• [Exercise requirements] Leave out the pictures and restate the rest of the data exactly.

• [Data to examine]
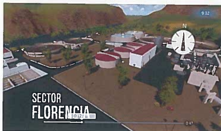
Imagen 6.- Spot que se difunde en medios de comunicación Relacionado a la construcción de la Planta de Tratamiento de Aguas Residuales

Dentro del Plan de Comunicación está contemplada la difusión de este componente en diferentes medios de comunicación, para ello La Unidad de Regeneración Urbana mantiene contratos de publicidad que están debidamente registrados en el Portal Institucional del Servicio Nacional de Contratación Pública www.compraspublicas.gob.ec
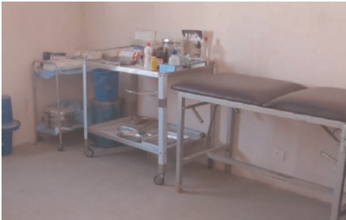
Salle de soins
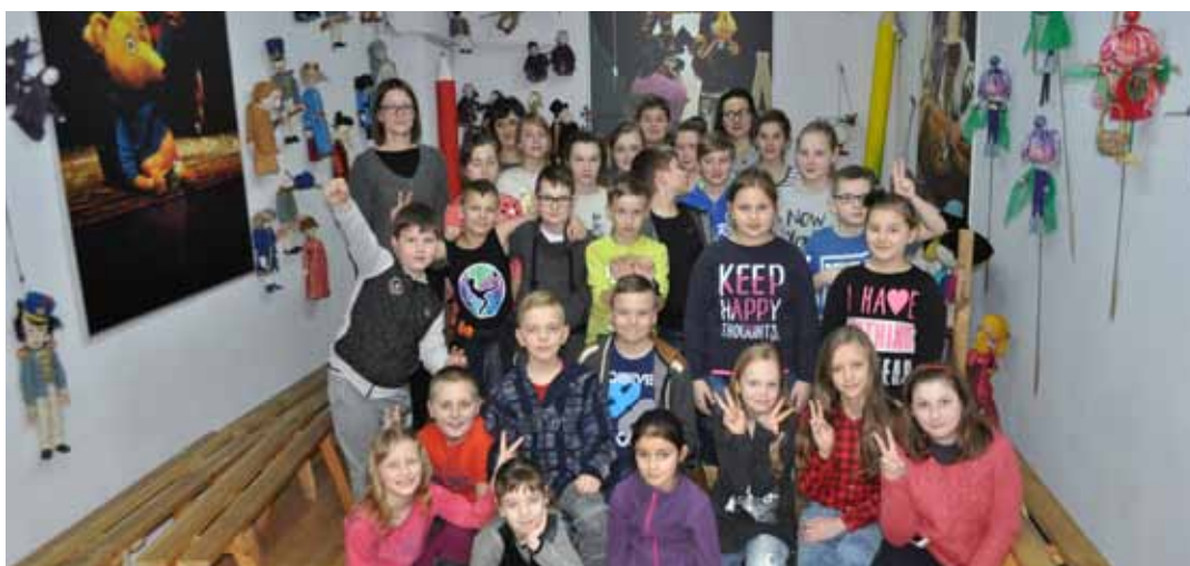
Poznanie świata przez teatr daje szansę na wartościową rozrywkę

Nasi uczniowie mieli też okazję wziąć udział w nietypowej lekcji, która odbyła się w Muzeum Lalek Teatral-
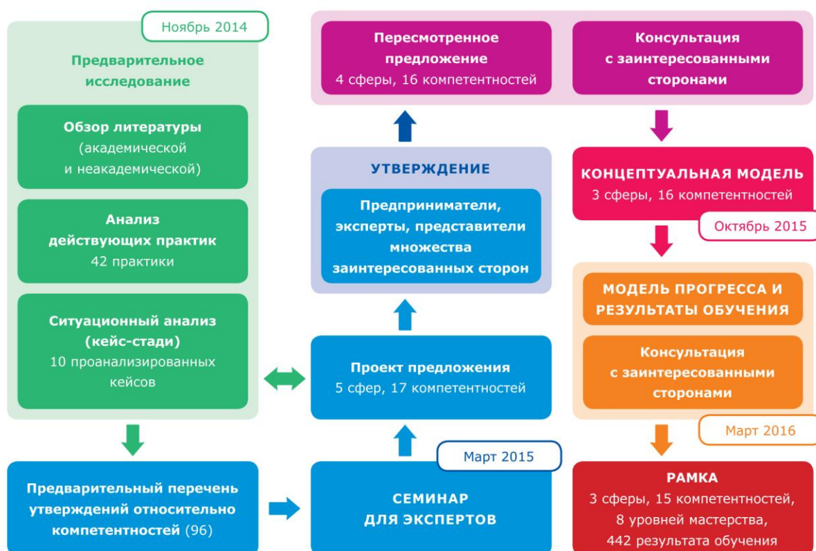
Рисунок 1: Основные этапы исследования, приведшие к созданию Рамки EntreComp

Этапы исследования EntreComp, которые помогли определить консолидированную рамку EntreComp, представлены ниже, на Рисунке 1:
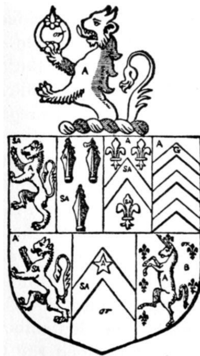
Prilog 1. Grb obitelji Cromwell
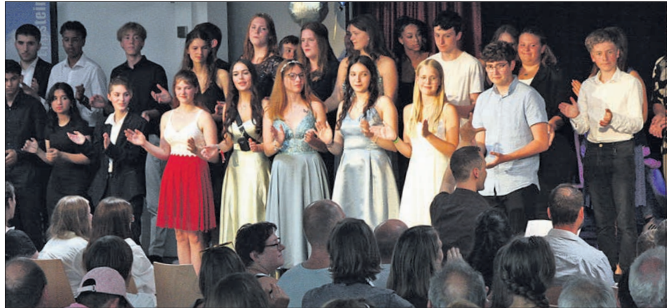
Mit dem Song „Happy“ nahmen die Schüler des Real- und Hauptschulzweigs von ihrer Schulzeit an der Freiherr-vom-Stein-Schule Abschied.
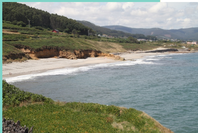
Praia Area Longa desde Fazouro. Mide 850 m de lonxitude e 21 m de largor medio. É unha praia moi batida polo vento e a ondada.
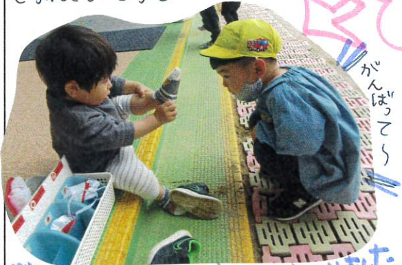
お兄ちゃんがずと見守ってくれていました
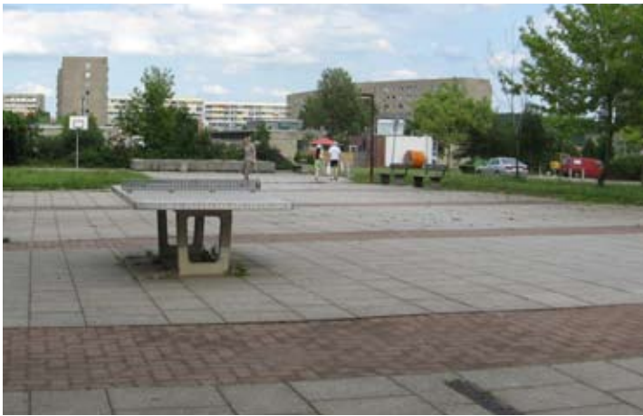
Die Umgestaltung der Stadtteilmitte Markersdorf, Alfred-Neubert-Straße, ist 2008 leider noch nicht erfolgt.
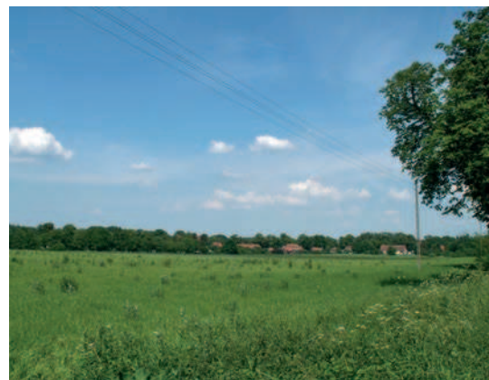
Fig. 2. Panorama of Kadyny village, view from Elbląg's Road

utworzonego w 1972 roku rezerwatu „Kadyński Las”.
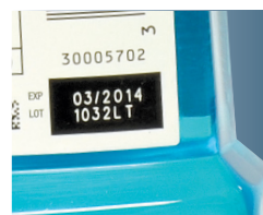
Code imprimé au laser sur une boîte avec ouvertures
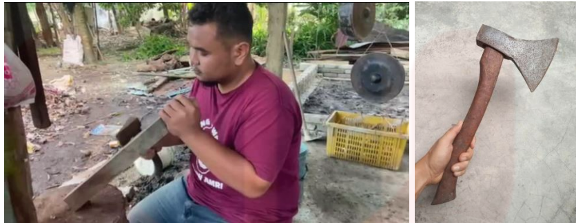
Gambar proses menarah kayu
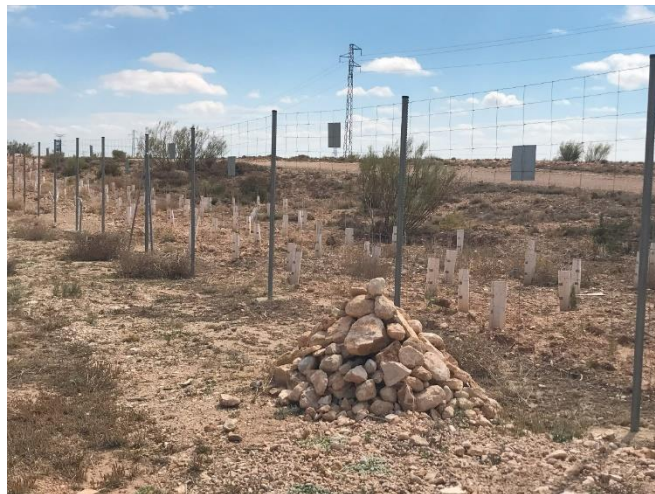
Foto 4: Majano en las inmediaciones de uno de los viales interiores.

• [Final answer]
Imagen 6.- Spot que se difunde en medios de comunicación Relacionado a la construcción de la Planta de Tratamiento de Aguas Residuales

Dentro del Plan de Comunicación está contemplada la difusión de este componente en diferentes medios de comunicación, para ello La Unidad de Regeneración Urbana mantiene contratos de publicidad que están debidamente registrados en el Portal Institucional del Servicio Nacional de Contratación Pública www.compraspublicas.gob.ec
Salle de soins
Poznanie świata przez teatr daje szansę na wartościową rozrywkę

Nasi uczniowie mieli też okazję wziąć udział w nietypowej lekcji, która odbyła się w Muzeum Lalek Teatral-
Рисунок 1: Основные этапы исследования, приведшие к созданию Рамки EntreComp

Этапы исследования EntreComp, которые помогли определить консолидированную рамку EntreComp, представлены ниже, на Рисунке 1:
Prilog 1. Grb obitelji Cromwell
Mit dem Song „Happy“ nahmen die Schüler des Real- und Hauptschulzweigs von ihrer Schulzeit an der Freiherr-vom-Stein-Schule Abschied.
Praia Area Longa desde Fazouro. Mide 850 m de lonxitude e 21 m de largor medio. É unha praia moi batida polo vento e a ondada.
お兄ちゃんがずと見守ってくれていました
Die Umgestaltung der Stadtteilmitte Markersdorf, Alfred-Neubert-Straße, ist 2008 leider noch nicht erfolgt.
Fig. 2. Panorama of Kadyny village, view from Elbląg's Road

utworzonego w 1972 roku rezerwatu „Kadyński Las”.
Code imprimé au laser sur une boîte avec ouvertures
Gambar proses menarah kayu
Foto 4: Majano en las inmediaciones de uno de los viales interiores.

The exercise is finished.